Il collettivo We Were Never Being Boring, nato fra Brescia e Bologna, è una sorta di label discografica su internet che pubblica vinili, cd e download gratuiti tutti in ambiente indie-pop di caratura eccellente.

DEATH IN PLAINS
Death in Plains è il progetto solista del pesarese Enrico Boccioletti, già chitarrista dei Damien, che ha deciso di sperimentare un po’ con l’elettronica, registrando una serie di pezzi nell’isolamento del suo salotto. Destino vuole che un’etichetta di Londra, la DiscError, si accorga delle produzioni a suo nome sul web e gli proponga di pubblicare alcuni 7” e remix. Per loro, nel 2010, è uscito anche “Mustard Polo Ep”, sempre all’insegna di uno shoegaze che affianca sperimentazioni rock e pop sognante. Nel Regno Unito Death in Plains ha aperto i concerti di gente come Fiery Furnaces, Hot Chip, Salem e Telepathe, e ora Death in Plains è diventato il progetto principale di Boccioletti, che oltre a essere un ottimo musicista, cura anche tutti i visual dei suoi show e si occupa anche della parte grafica firmando video e copertine dei suoi dischi. È atteso a giorni il primo lavoro sulla lunga distanza, sempre per DiscError.

LES MAN AVEC LES LUNETTES
Nati nell’inverno del 2004, i Les Man Avec Les Lunettes attualmente sono composti da sei elementi che suonano un pop che è un po’ da cameretta, un po’ da party di rivista patinata ma soprattutto perfetto per un viaggio nel Nord Europa. Band di Brescia, un nome d’Oltralpe, un gruppo quasi francese che canta in inglese, importanti tour all’estero. Tracciano melodie che spaziano dal folk più beatlesiano, ai colori dei Belle & Sebastian, fino ad incontrare i Grandaddy. Le armonie di voci, la sensazione che ogni momento, filtrato dalle lenti di questi Lunettes, sia unico. La band è una scintilla preziosa nel pop moderno.

KARIBEAN
«Una sera mi trovavo in un vecchio bar del bolognese, era parecchio tardi e il gestore, un barbuto vichingo, non sapeva come mandare via i molesti e ormai del tutto ubriachi avventori. Continuavano a ordinare da bere e c’era parecchia confusione.
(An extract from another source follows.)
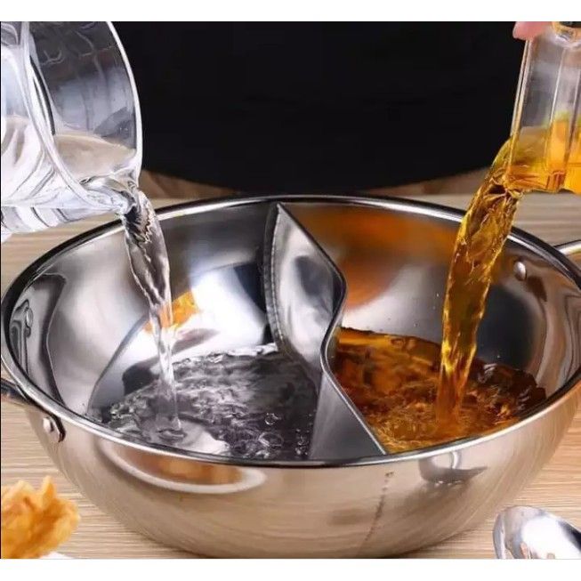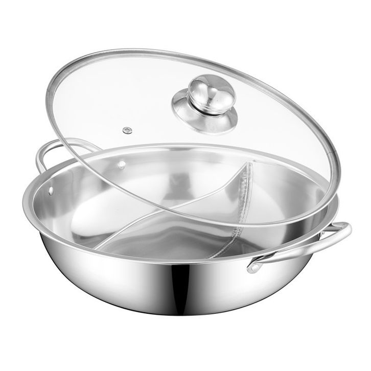 Panci Shabu 28 30 Cm Tutup Kaca Panci Sekat Hotpot Steamboat Stainless

All’ennesima richiesta, il barista esasperato sbotta e risponde “Oh, bona lé: andersen, via, filare”. E zittendo tutti, li accompagna alla porta uno per uno con un sorriso cortese ma fermissimo. A quel punto io avevo capito tutto. Dentro quel semplice ma irresistibile andersen = “andar via, filare” ho sentito il modo migliore per scacciare, per esorcizzare certi sentimenti post-lutto, presenti nel nostro primo disco». A parlare è Enrico Carletti, voce dei Karibean, band di Osimo che ha debuttato nel 2011 con il sorprendente EP “Love, Tears And Spiritual Blessing”. Una musica capace di combinare le armonie dei Beach Boys, la spensieratezza pop degli Housemartins e la solarità dei Vampire Weekend. Ora i Karibean tornano con una seconda raccolta, sei canzoni che fioriscono d’estate e di chitarre. Al tempo stesso, la band decide di intitolare la nuova raccolta “Andersen”, nome che evoca in qualche modo anche il Nord, esotiche algidità di Scandinavia, luce limpida e discipline sportive. «C’è anche un giocatore dell’NBA – prosegue Enrico Carletti – che è per me un idolo e si chiama proprio Chris Andersen. È un vero personaggio, gioca nei Denver Nuggets e quella stessa notte in cui ce ne uscimmo da quel bar con in testa la parola “andersen” davano una partita dei Nuggets su Sportitalia. È un segno, pensai. Avevamo trovato il titolo giusto». Andersen, via, filare, mettere il turbo e superare il primo disco. Alcuni dei brani nuovi suonano infatti più “muscolari”, le chitare sono più distorte in alcune parti, la ritmica più secca e compatta. Guardano avanti i Karibean. Andersen, via, filare, mettere il turbo e superare se stessi.